Blood-brain barrier breakdown in the hippocampus might weaken cognition all on its own. According to a paper in the January 14 Nature Medicine, people with a damaged barrier were more likely to have early signs of cognitive impairment, regardless of any Aβ or tau pathology, or even other signs of vascular disease. Led by Berislav Zlokovic at the University of Southern California in Los Angeles, the study employed both fluid and imaging measures to gauge BBB damage, and cast a weakened barrier as an early biomarker for cognitive dysfunction.

  • Researchers used both fluid and imaging measures to gauge integrity of blood-brain barrier.
  • BBB damage correlated with cognitive impairment, independently of Aβ, tau, or vascular risk factors.
  • Compromised barrier occurred in and around the hippocampus.

“This is an important study that identifies independent indices of BBB disruption as early markers of AD in a carefully studied patient cohort,” commented Costantino Iadecola of Weill Cornell Medical College in New York. “There is an urgent need to identify early biomarkers of disease and novel pathogenic factors, and this study represents a step forward in this direction.”

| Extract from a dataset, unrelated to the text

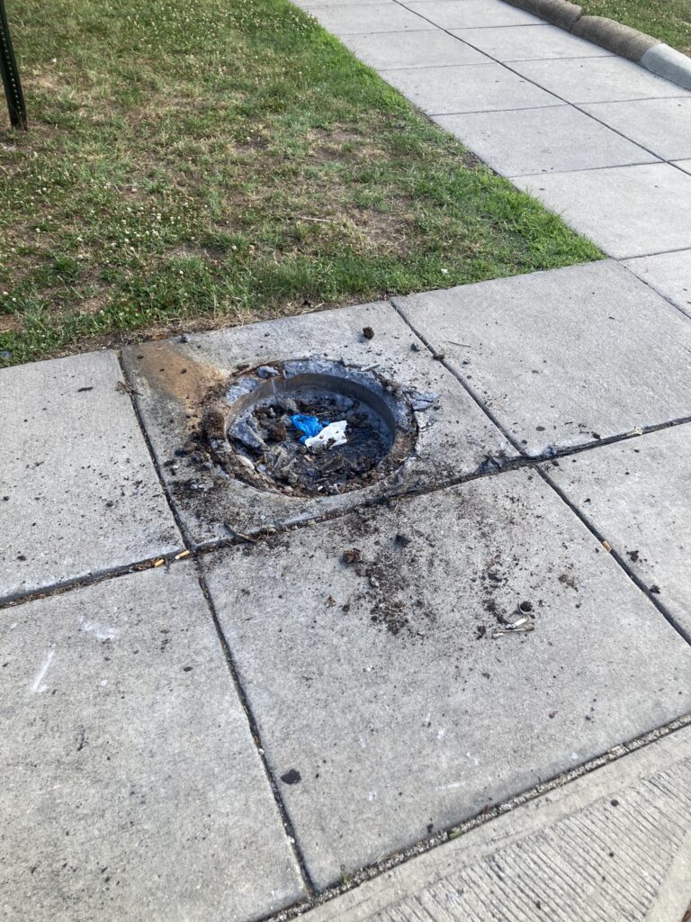 Thanks to Erin for sharing: “More trash cans being removed for some reason? This one at Quincy and Kansas. What’s the deal?

Vascular dysfunction in the brain is a well-recognized contributor to dementia. Its extent in the brain can range from the widespread vessel damage that underlies vascular dementia to subtler issues such as localized blood brain barrier leaks (Iadecola 2017; Sweeney et al., 2018). Animal studies have indicated that Aβ and tau pathology can inflict damage to the blood-brain barrier. In people, imaging studies have spotted erosion of the barrier in the early stages of AD (Montagne et al., 2017Bennett et al., 2018; van de Haar et al., 2017Feb 2015 webinar). However, researchers have yet to understand whether such early barrier breakdown is a cause or consequence of burgeoning AD pathology, or if it exacts a cognitive toll.

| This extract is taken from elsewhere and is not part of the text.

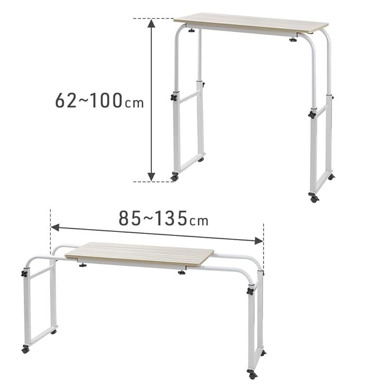 商品名:【新品】 Bonarca ベッドテーブル 介護 用 伸縮 【幅:シングル~セミダブル対応】 昇降式 高さ調節 【高さ:62~100cm】 食事 オーバーベッドテーブル キャスター付き シングル セミダブル ベッド 対応 ベッド用 デスク 伸縮式 サイドテーブル

First author Daniel Nation and colleagues set out to disentangle the contributions of Aβ, tau, and BBB damage to cognitive decline. They studied two cohorts totaling 164 participants—one from USC and one from Washington University in St. Louis. Based on clinical dementia rating scores, 82 were cognitively normal with a CDR of zero, 65 were mildly impaired with CDR 0.5, and 17 with CDR 1 were deemed impaired. The researchers explicitly excluded participants with vascular dementia or vascular cognitive impairment, but included people who had other vascular risk factors, such as hypertension, diabetes, or cardiovascular disease. All of the volunteers underwent CSF sampling to assess Aβ and phospho-tau, and a subgroup of 35 also had Aβ-PET scans.

The researchers took a two-pronged approach to gauge BBB breakdown. First, they measured the CSF concentration of soluble platelet-derived growth factor receptor-β.  This PDGFR-β fragment sheds from the surface of pericytes that line the blood-brain barrier when they respond to cell stress or injury. Zlokovic previously reported that CSF sPDGFR-β correlates with BBB damage (Sagare et al., 2015; Montagne et al., 2015). Second, in a subgroup of 73 volunteers, the researchers used dynamic contrast-enhanced (DCE) MRI to gauge BBB leakiness by tracking levels of an intravenously injected contrast agent.

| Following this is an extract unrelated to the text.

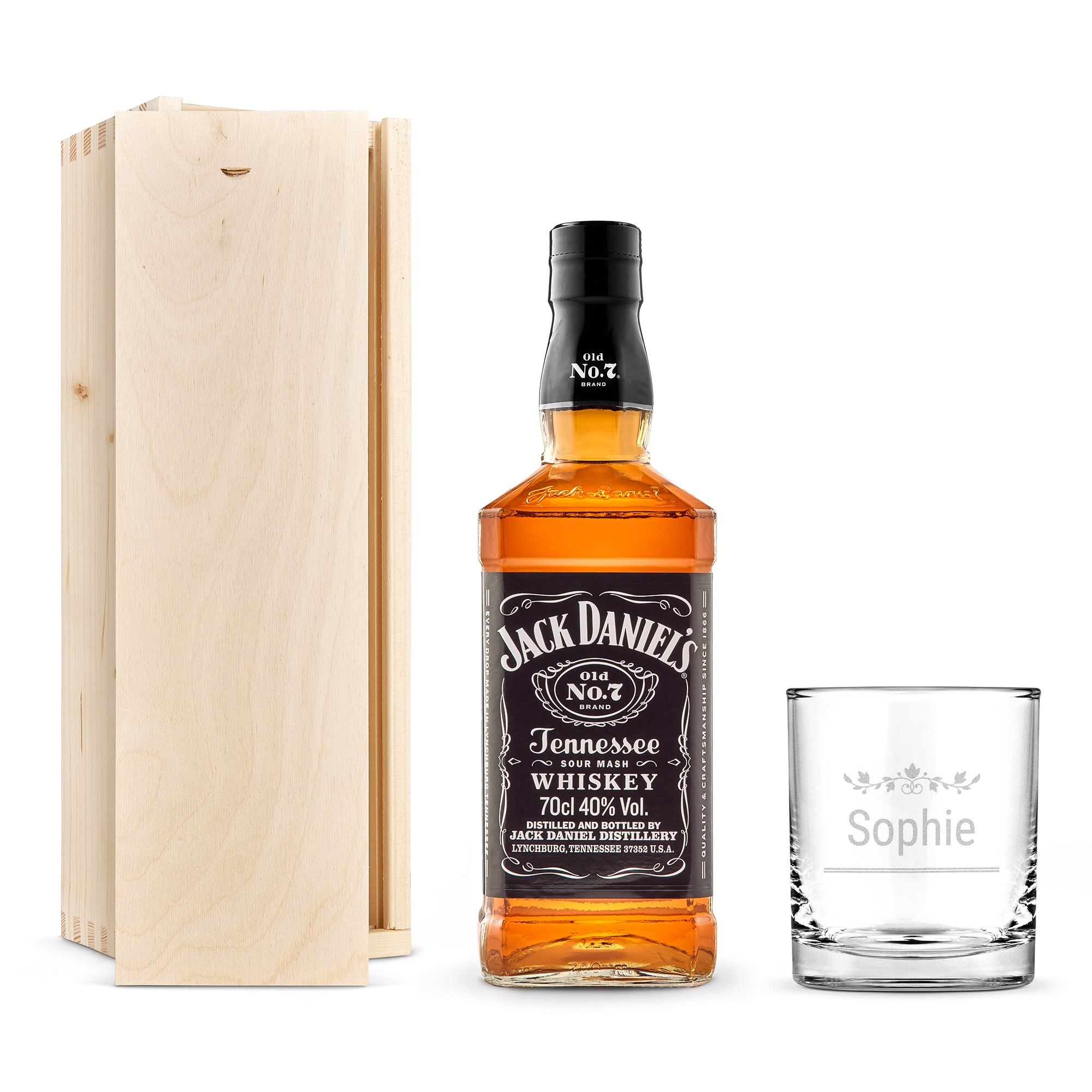 Butelka Jack Daniels (0,7 l), grawerowana szklanka, drewniana skrzynka z certyfikatem FSC.

Nation found sPDGFR-β levels increased with higher CDR scores. Cognitively normal people had significantly lower concentrations of the shed pericyte receptor than did people who were CDR 0.5. People with CDR 1 had higher concentrations still. The same relationship emerged between CDR scores and DCE-MRI: those with CDR 0.5 had higher levels of the contrast agent in the hippocampus and parahippocampal gyrus, but not in cortical or subcortical regions. The participants also took neuropsychological tests to assess cognitive domains including memory, attention/executive function, and language. People who scored poorly on at least one of 10 domains had higher measures of BBB damage than those who scored normally on all domains.

Leaks Strain Cognition. Compared with CDR zero, people with CDR 0.5 had a leakier blood-brain barrier in the hippocampus and parahippocampal gyrus, regardless of Aβ status. [Courtesy of Nation et al., Nature Medicine, 2019.]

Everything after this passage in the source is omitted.